Oleh Rafly Kande
Dalam beberapa tahun terakhir, wacana Qanun Pertambangan Rakyat mengemuka penuh janji. Banyak yang larut dalam euforia, seolah hadirnya qanun ini otomatis menyelesaikan persoalan tambang. Sebelum terbawa arus, kita perlu bertanya: apa sebenarnya yang diperjuangkan? Apakah sekadar legalitas di atas kertas, atau sistem pengelolaan yang kokoh, berkelanjutan, dan benar-benar berpihak pada rakyat?
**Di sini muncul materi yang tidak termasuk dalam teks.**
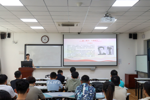 谭迪讲授了题为“‘两弹元勋’邓稼先:愿以身许国”的专题党课,她围绕人物简介、生平事迹、邓稼先的优秀精神品质等方面展开讲解。她讲到,邓稼先的优秀精神品质包含胸怀祖国、服务人民的爱国精神;勇攀高峰、敢为人先的创新精神;追求真理、严谨治学的求实精神;淡泊名利、潜心研究的奉献精神。邓稼先以对祖国和人民的深沉情怀和忠诚担当,诠释着爱国科学家与祖国同呼吸、共命运的崇高境界。她结合个人奋斗经历,从学业发展、科研工作、老员工活等方面对在座同学们给予指导,鼓励大家积极学习邓稼先的优秀精神品质,培养敢为人先的创新精神和严谨治学的求实精神。
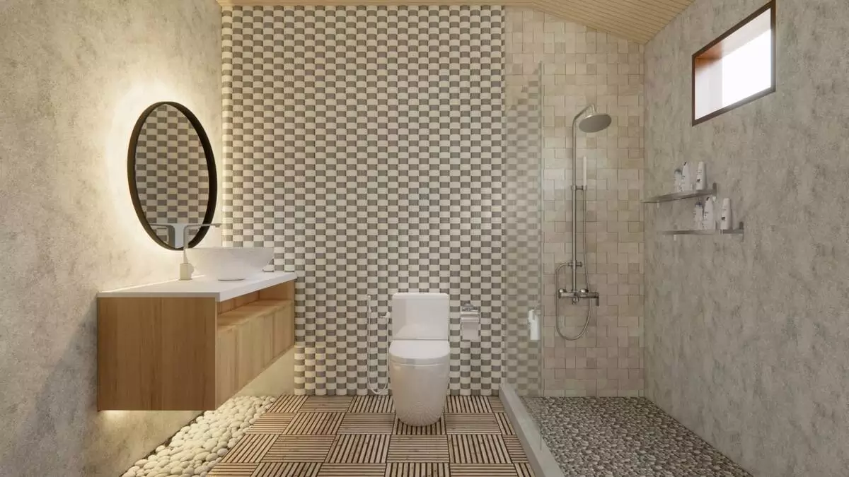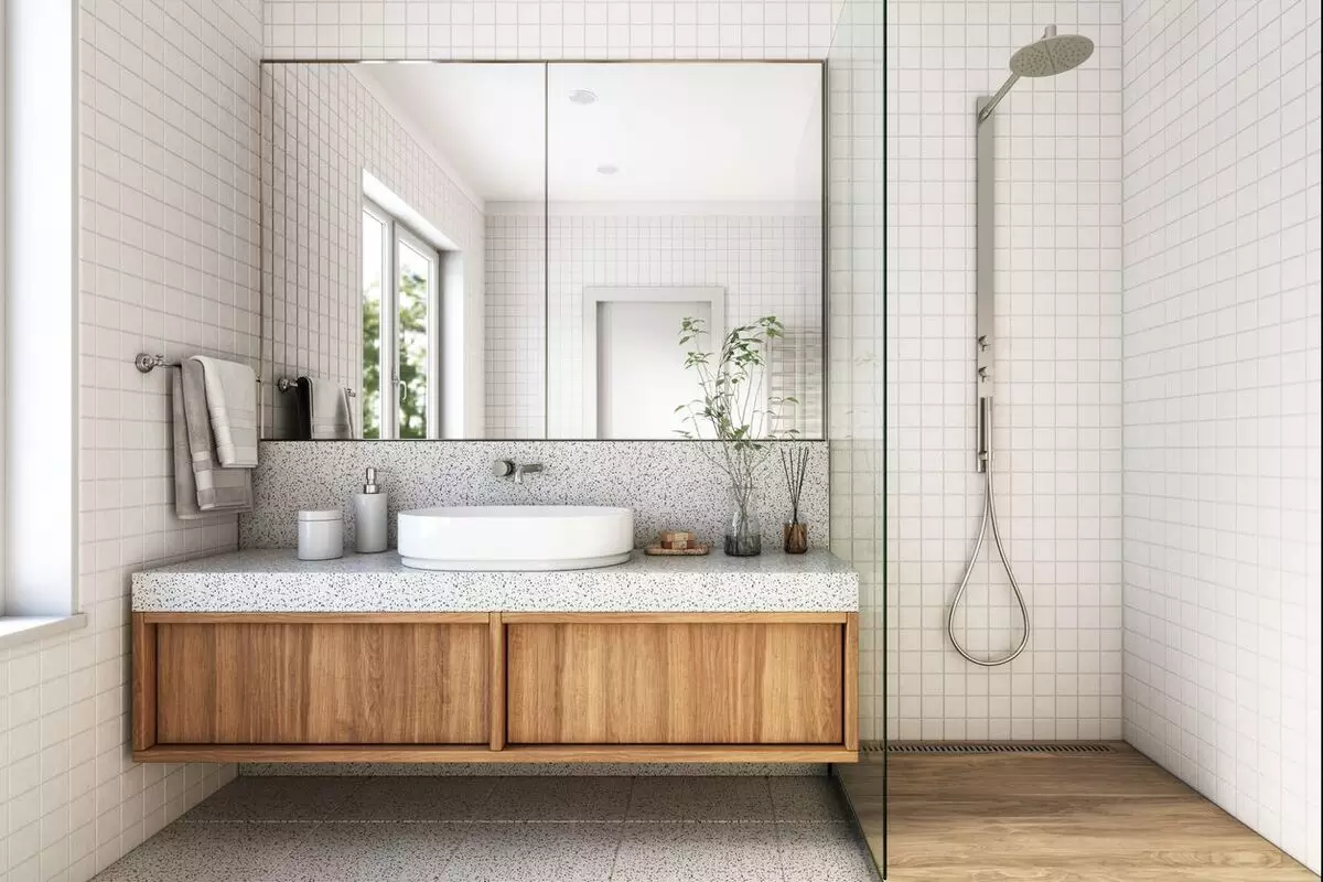 Hindari perlengkapan berlebihan dan pilihlah shower tanpa bak mandi, untuk memberikan kesan modern dan meminimalkan penggunaan ruang.
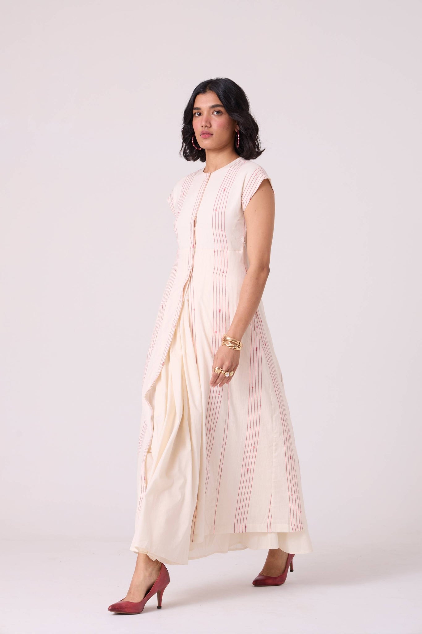 - Button-down front in handwoven Jamdhani
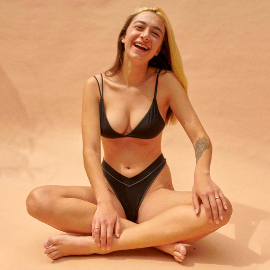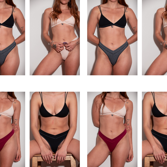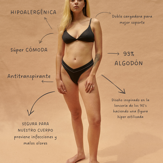 Panty tipo tanga, tiro alto, en algodón, fibra natural durable, biodegradable y fresca. Ayuda a que la vulva respire. Evita irritaciones y malos olores. Top sin varillas con doble elástico para sostener. 93% algodón y 7% lycra.
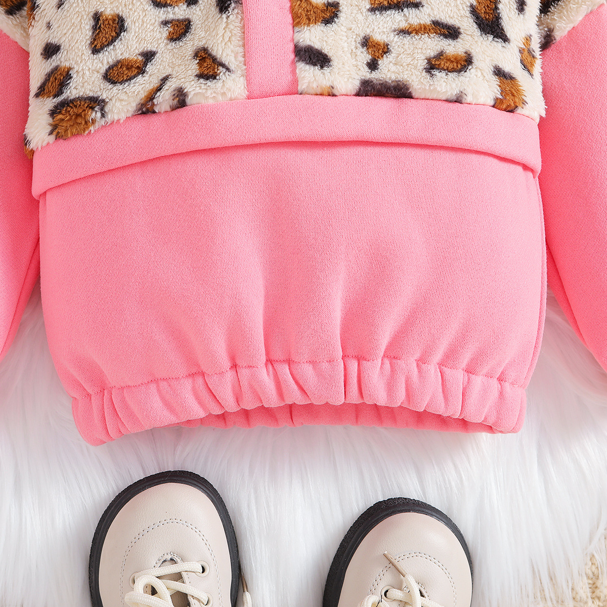 대외 무역 아동복 소녀 가을과 겨울 봉제 스웨터 2024 새로운 아기 소녀 패딩 기모 레오파드 무늬 스티칭 탑
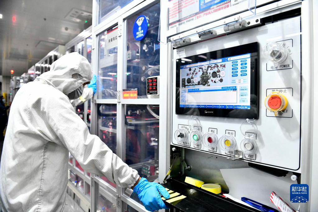 6月6日,在山東吉利欣旺達動(dòng)力電池有限公司,工作人員在鋰電池生產(chǎn)線(xiàn)值守。
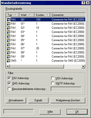 Für den Einsatz eines Smarthost Servers / Bridgehead Servers ist ein separater SMTP-Connector über den System Manager anzulegen (Routing: SMTP:*;1). Für das korrekte Routing von systemfremden Nachrichtentypen (FAX, SMS, VOX) darf im virtuellen Server für SMTP kein Smarthost angegeben werden. Die Funktionalität des Routings an den Smarthost Server übernimmt dann der zusätzliche SMTP-Connector. Faxe und andere systemfremde Nachrichtentypen werden nun korrekt geroutet.
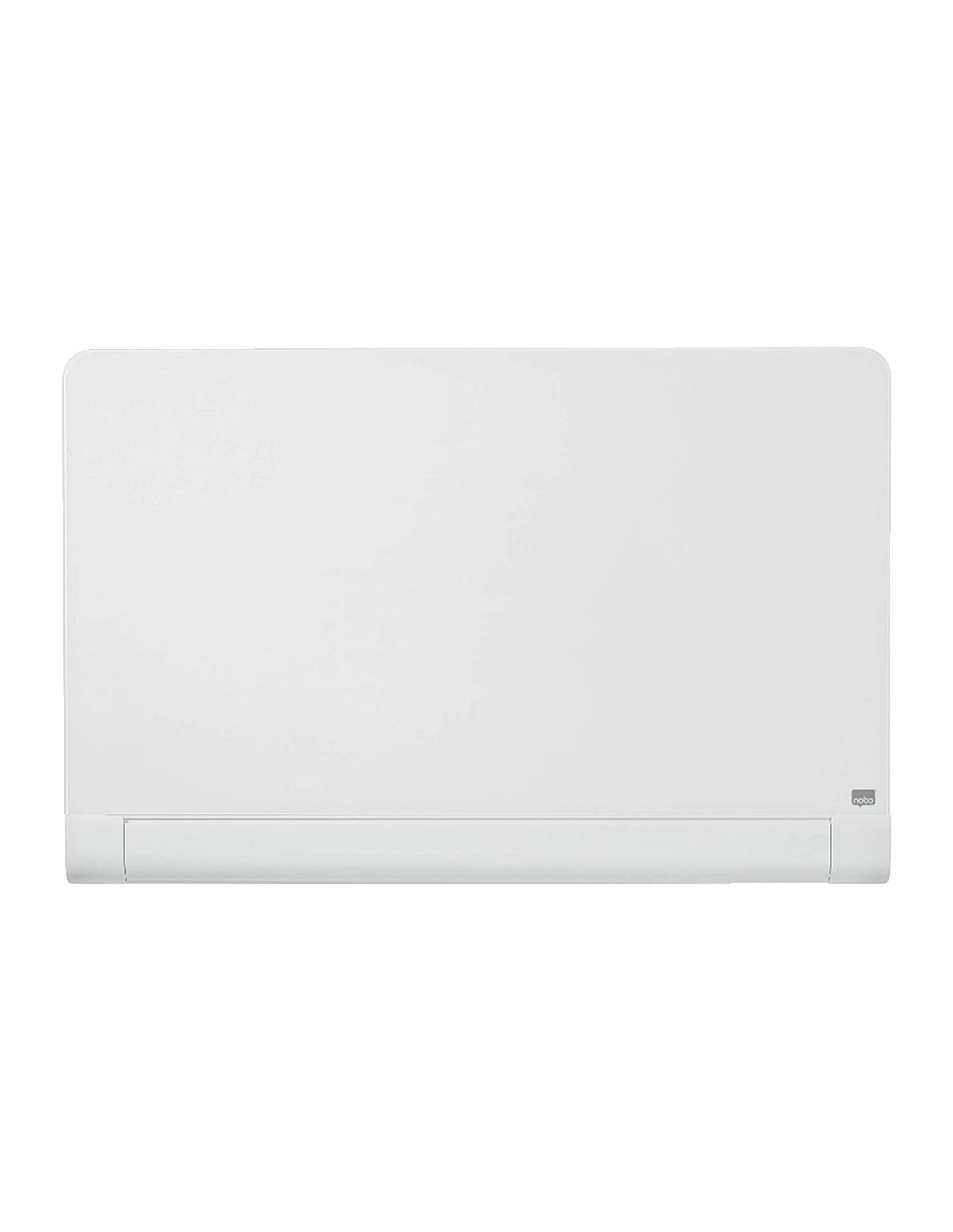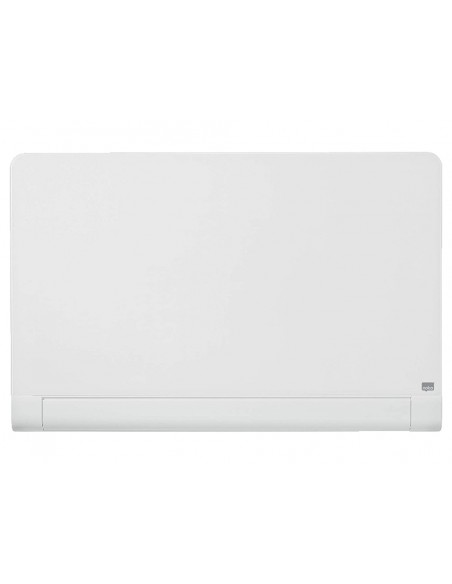 Pizarra Nobo Widescreen 45 cristal blanco redondeado. Superficie de cristal templado adecuada para un uso frecuente debido a su magnífica legibilidad y máxima resistencia a manchas de tinta, marcas de rotulador, arañazos y abolladuras. Tres veces más fácil de limpiar. Apariencia elegante y moderna con esquinas redondeadas, soportes de sujeción invisibles y una discreta bandeja de larga longitud para rotuladores. Garantía de por vida. Con rotulador y juego de imanes extra fuertes para pizarras de cristal incluidos.
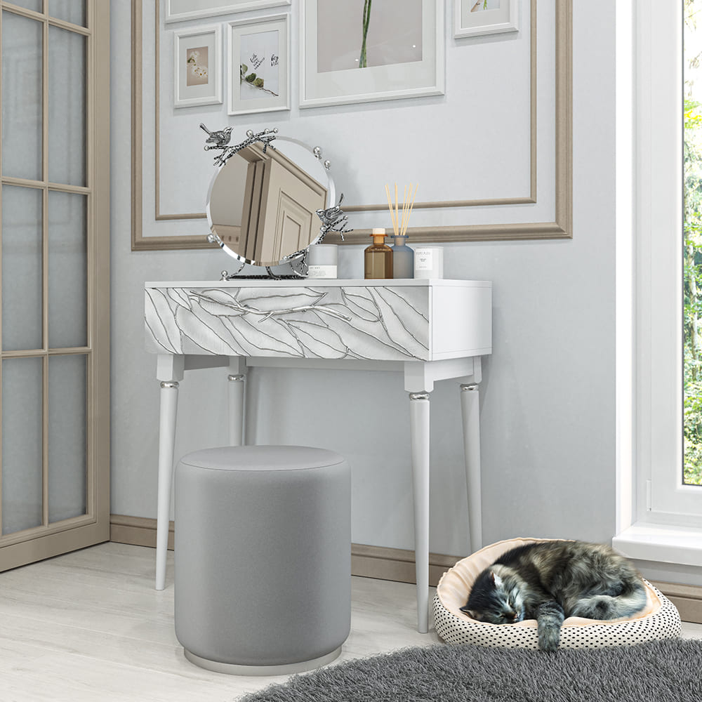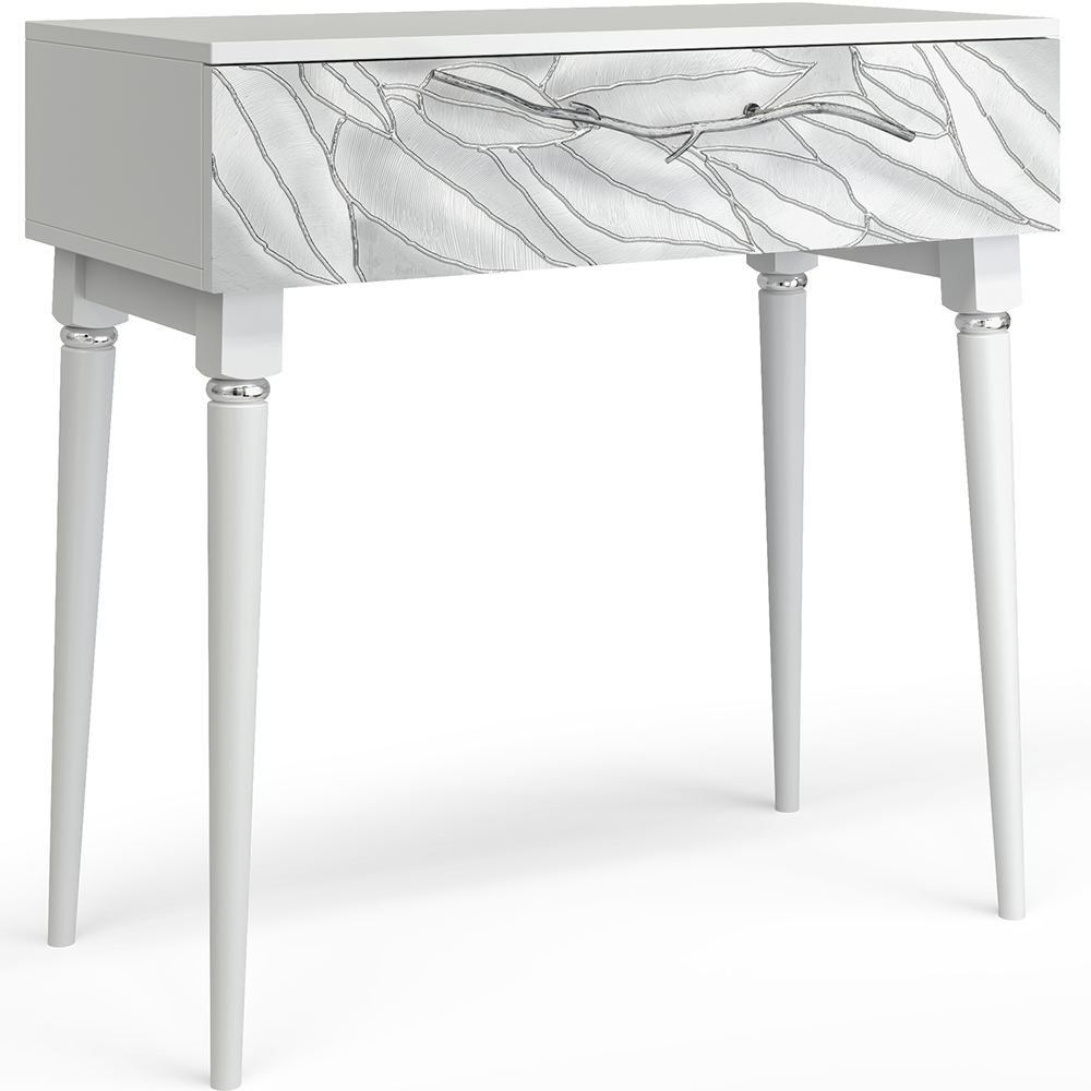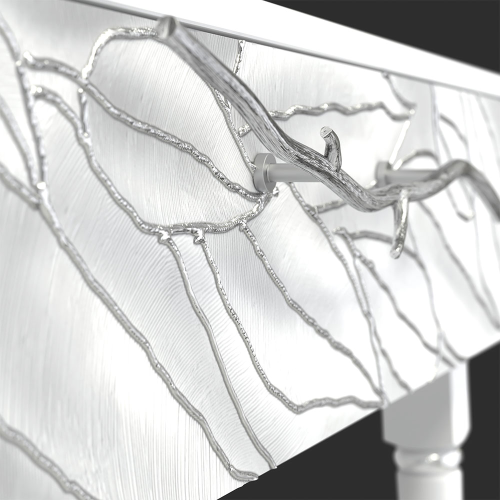 Универсальный консольный стол. Компактные габариты позволяют использовать стол в узком холле или небольшой комнате. Вместительный короб на доводчиках, легкая и бесшумная эксплуатация. Центральным элементом дизайна является кованная ручка в виде ветви дерева. Сочетание минималистичных форм и красота художественной ковки – придают консоли неповторимый шарм и стиль. Коллекция ARTЭффектная коллекция, которая украсит дом и с легкостью справится с задачей хранения. Современный минималистичный дизайн с неповторимым шармом элементов из ковки. Коллекция будет отлично смотреться в спальне, гостиной или прихожей благодаря актуальному оформлению и продуманным габаритам. Вдохновленная современными природными элементами в дизайне в сочетании с уникальными технологиями и теплотой ручной работы мастеров BOGACHO. Авторские принты на фасадах с серебряным патинированием, неповторимые кованые ручки, 3 варианта ножек на выбор под разные стилевые решения, позволяют выбрать дизайн, максимально подходящий под ваш интерьер: классика, стайл, сканди. Коллекция ART от BOGACHO HOME DESIGN - сделайте свой дом ярче, как давно мечтали!
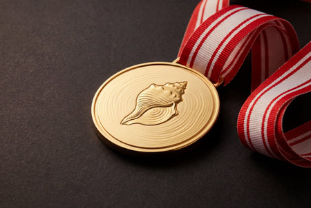 A close up view of a shiny gold medal with an embossed seashell design and concentric rings attached to a red and white striped ribbon resting on a dark black textured surface.
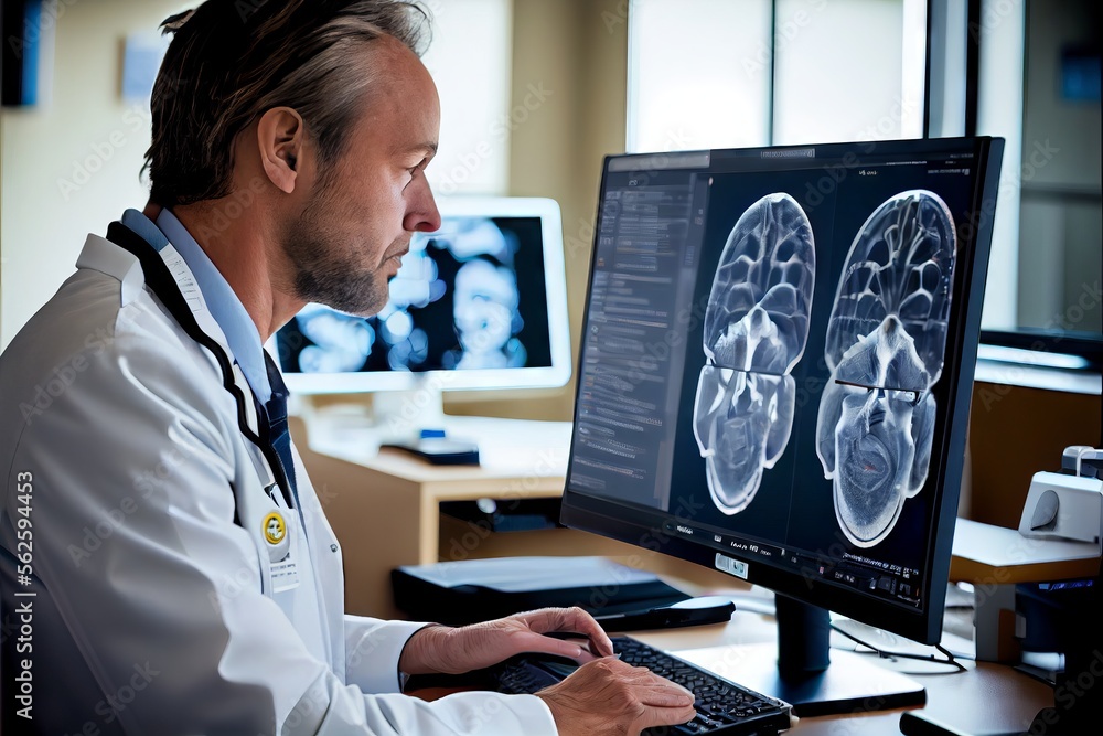 Illustration of a doctor looking at a ct scan on a computer screen generative ai #562594453

Ilusi Legalitas Tanpa Fondasi
Legalitas tanpa kapasitas hanyalah ilusi. Kita bicara tambang rakyat seolah cukup dengan izin, padahal izin tanpa sistem adalah jebakan. Siapa yang mengelola? Siapa yang mengawasi? Apakah sudah ada kurikulum lokal untuk mendidik teknisi, insinyur, manajer lingkungan, dan pengelola keuangan tambang? Jawabannya belum.
Lebih pahit lagi, “tambang rakyat” kerap hanya menjadi kedok. Di balik koperasi atau BUMG, sering bersembunyi cukong yang memanfaatkan nama rakyat demi keuntungan pribadi. Rakyat dipinjam suaranya, tetapi hasilnya dikuasai segelintir orang. Tambang rakyat pun terjebak menjadi alat transaksi politik, bukan instrumen pembangunan.
Antara Berkah dan Luka
Bukan tambangnya yang salah, tetapi tata kelolanya. Data menunjukkan sektor tambang Aceh periode 2020–2024 menyumbang Rp1,58 triliun PNBP. Kabupaten penghasil seperti Aceh Barat menerima royalti hingga Rp93,4 miliar dari satu perusahaan saja. Angka itu tidak kecil. Namun pertanyaan mendasar tetap menggantung: ke mana uang ini mengalir? Mengapa rakyat di sekitar tambang tetap tak sejahtera?
Jawabannya getir: negara dan daerah gagal mendistribusikan manfaat. Dana publik tenggelam dalam program yang tidak menyentuh kebutuhan dasar. Hasil bumi ada, kesejahteraan tak kunjung hadir.
Perdebatan pro atau anti tambang jadi semu. Yang dibutuhkan adalah gerakan menuntut tata kelola yang benar, transparan, dan berpihak. Rakyat berhak menolak tambang yang merusak, tetapi mereka juga berhak menikmati manfaat kekayaan tanah mereka.
Celengan Bernilai, Tapi Tak Abadi
Kekayaan sumber daya alam ibarat celengan: bernilai besar, tetapi tak abadi. Cepat atau lambat, isi celengan itu akan habis. Yang tersisa bisa berupa tanah rusak dan masyarakat miskin—atau, bila dikelola dengan benar, fondasi kokoh bagi generasi mendatang.
Celengan itu seharusnya menjadi modal membangun manusia: pendidikan, kesehatan, teknologi, dan ekonomi rakyat. Namun selama tujuh dekade, pola yang terjadi justru sebaliknya. Proyek besar dijalankan tanpa partisipasi rakyat. Keputusan penting diambil jauh dari daerah penghasil. Kekayaan bumi mengalir keluar, meninggalkan daerah dalam keterbelakangan.
Jalan Perubahan
Harapan masih ada. Dengan keberanian, arah bisa diubah:
Membuka informasi dan pendapatan SDA secara transparan.
Melibatkan rakyat dalam perencanaan dan pengawasan.
Mengarahkan hasil tambang untuk kebutuhan dasar dan program berkelanjutan.
Membangun generasi baru yang menguasai teknologi, manajemen, dan etika lingkungan.
Pertambangan bisa menjadi berkah atau luka—semua tergantung tata kelola. Qanun tambang rakyat tak boleh lahir dari mimpi kosong, tetapi dari fondasi kapasitas yang nyata. Celengan sumber daya harus dipakai untuk membangun manusia, bukan sekadar mempertebal ilusi politik.
Jika kita gagal, tambang akan meninggalkan kerusakan dan kekecewaan. Jika kita berani berubah, tambang bisa menjadi jalan menuju masa depan Aceh yang adil, berkelanjutan, dan bermartabat.